Like any fast-growing city, Dhaka needs additional business districts outside the city center, so the massive labor market converging on the central business district is effectively split into multiple overlapping zones , each covering a one-hour commute to a different job center.
The good news is that some areas outside central Dhaka have started to see rapid growth in firms (especially larger ones). These areas have the potential to be metropolitan-level sub-centers that can be alternative locations for jobs. In seven suburban sub-districts, the number of medium and large textile and apparel firms more than doubled from 2001 to 2013 (this is detailed in the maps below). Similarly, the number of medium and large service firms doubled in the northern metro areas of Savar and Gazipur Sadar, and tripled in Kaliakair. High-value firms like those in finance, insurance, and real estate (FIRE) increased almost 10—fold in Savar and the eastern area of Rupganj.
4 potential sub-centers
The government has a critical role to play in identifying these potential sub-centers and fostering their development.

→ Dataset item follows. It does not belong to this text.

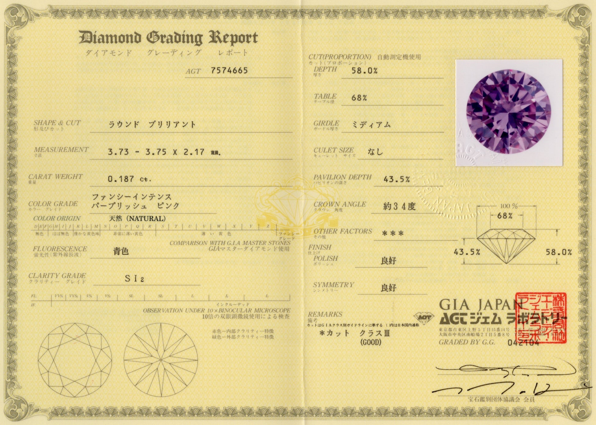 ファンシーインテンスパープリッシュピンクダイヤモンド ラウンドブリリアント 0.187ct
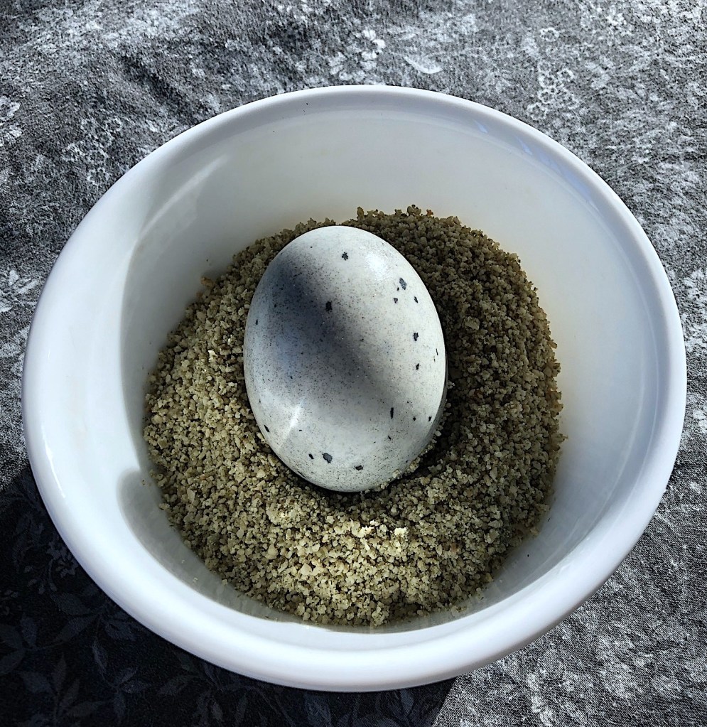 That new bed sheet has been such a hit, and is moreover such an attractive pattern, that it seemed a natural match for one of Mrs. Wing’s pickled duck eggs. I added ground punkin seeds for texture, and put them all together in a shaft of wintry late-afternoon light. The result made me happy. It reminds me of some modern art poster from a warehouse loft museum with hardwood floors and stark white walls and soaring industrial ceilings and exposed copper pipes. But it’s really just my floor with a sheet on it and a bowl with an egg.

Based on the observed trends, there are at least four potential clusters across Metro Dhaka that, with the right investments, could emerge as specialized growth poles:
- Savar, Gazipur and Tongi, can become a destination for land-intensive and mature manufacturing industries to scale up, consolidate their value chains, and reduce transportation costs of finished goods. Investments should focus on building communities that serve the everyday needs of low-income workers in the ready-made garment sector and their families: affordable housing, pedestrian mobility, schools for children, and health centers for all people.
- Central Dhaka can focus on revitalizing the heart of the city. There is an opportunity to rehabilitate buildings vacated by industries that have moved out of the city core and improve livability by increasing green spaces and walkability. The area’s high concentration of technical schools, research centers, and new university graduates, it can become a hub for start-ups, creative industries, and knowledge sectors.

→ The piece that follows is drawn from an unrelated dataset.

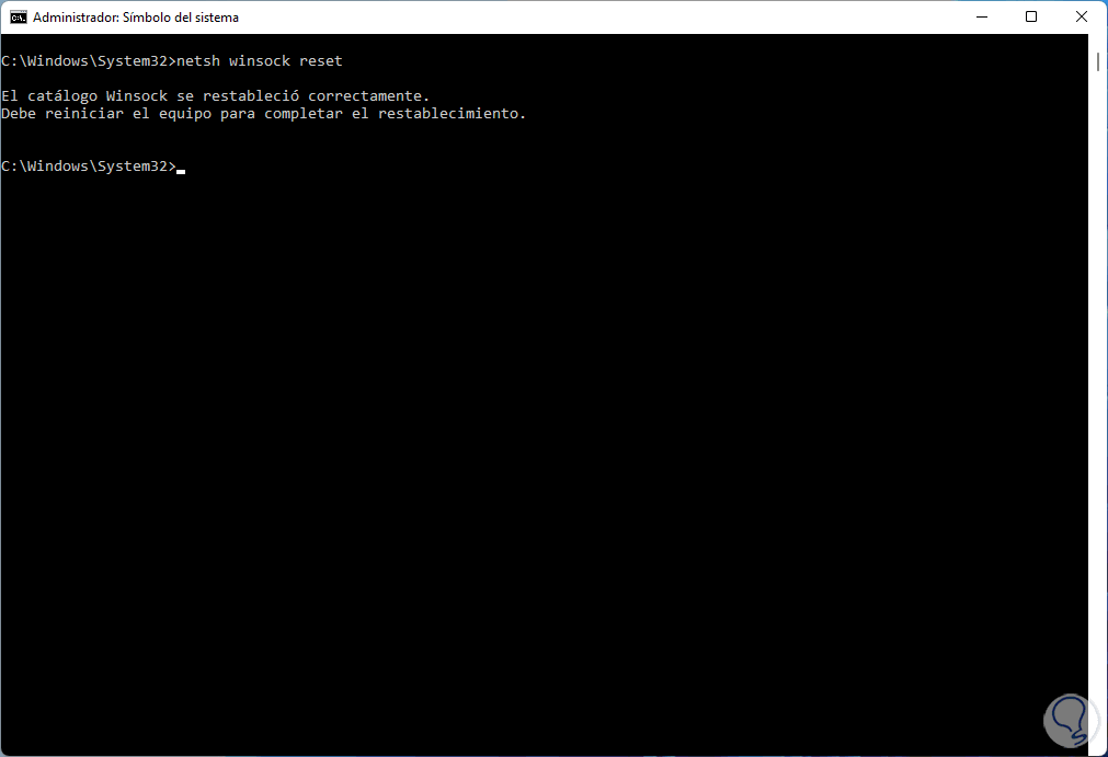 Ahora vamos a ejecutar el siguiente comando para restablecer Winsock el cual es la interfaz que se encarga de gestionar las solicitudes de entrada/salida de las aplicaciones de Internet, usaremos la siguiente línea:

- East Dhaka can cultivate the jobs of tomorrow by capitalizing on its endowments of good connectivity to the existing central business district and abundance of undeveloped land. With appropriate long term planning to manage urban expansion and address potential flooding risks, it has the potential to become a center for medium and large firms in high-value sectors like finance and technology. According to a recent World Bank report, East Dhaka could accommodate another 1.5 million residents and boost Dhaka’s GDP per-capita by 15 percent.

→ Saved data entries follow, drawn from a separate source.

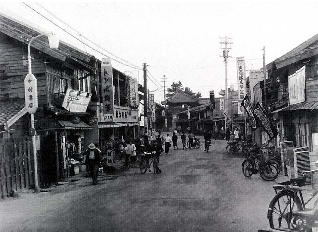 大野橋から、南方の十王堂を見た風景です。 大野も、こんなに賑やかでした。当時の交通手段の主力はこ覧の通り、自転車でした。
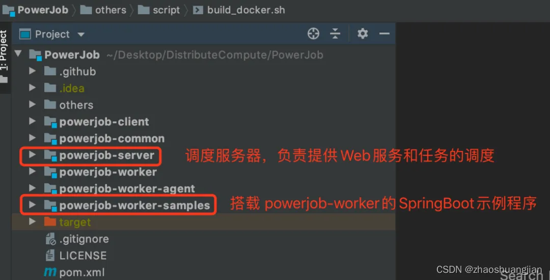 导入 IDE,源码结构如下,我们需要启动调度服务器(powerjob-server),同时在samples工程中编写自己的处理器代码
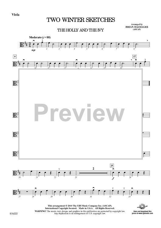 Digital Sheet Music for Two Winter Sketches - Viola by Traditional, Brian Balmages scored for Orchestra; id:411657
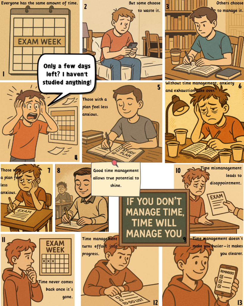 - Contrast: The comic visually compares unmanaged time with managed time, making the lesson clear.

- The N8 corridor in the southern fringe of Dhaka can serve as a new gateway for regional trade and logistics. The Padma Bridge, when completed, will link Metro Dhaka to Khulna and Barisal Divisions and ultimately Kolkata. The corridor has the potential to develop new clusters of transport, logistics, and warehousing firms. Local governments along the corridor should plan ahead for rapid population growth and proactively manage the conversion of rural land to urban uses.
The shifting economic landscape around Metro Dhaka offers an important opportunity to foster a more diverse and competitive economy. The government can play a critical role in establishing these sub-centers, through development regulation and strategic public investments.
But there is no one-size-fits all approach. Each sub-center requires a unique package of investments. Those investments must be tailored around the unique features of each sub-center, its economic potential, and its needs for basic infrastructure and service delivery now and in the future. The investments also need to be closely coordinated across sectors like transport, land use and drainage.
The Transforming Metro Dhaka blog series aims to support Bangladesh’s government’s vision of leveraging Dhaka’s economic potential and its contribution to Bangladesh’s goal of reaching upper middle-income status.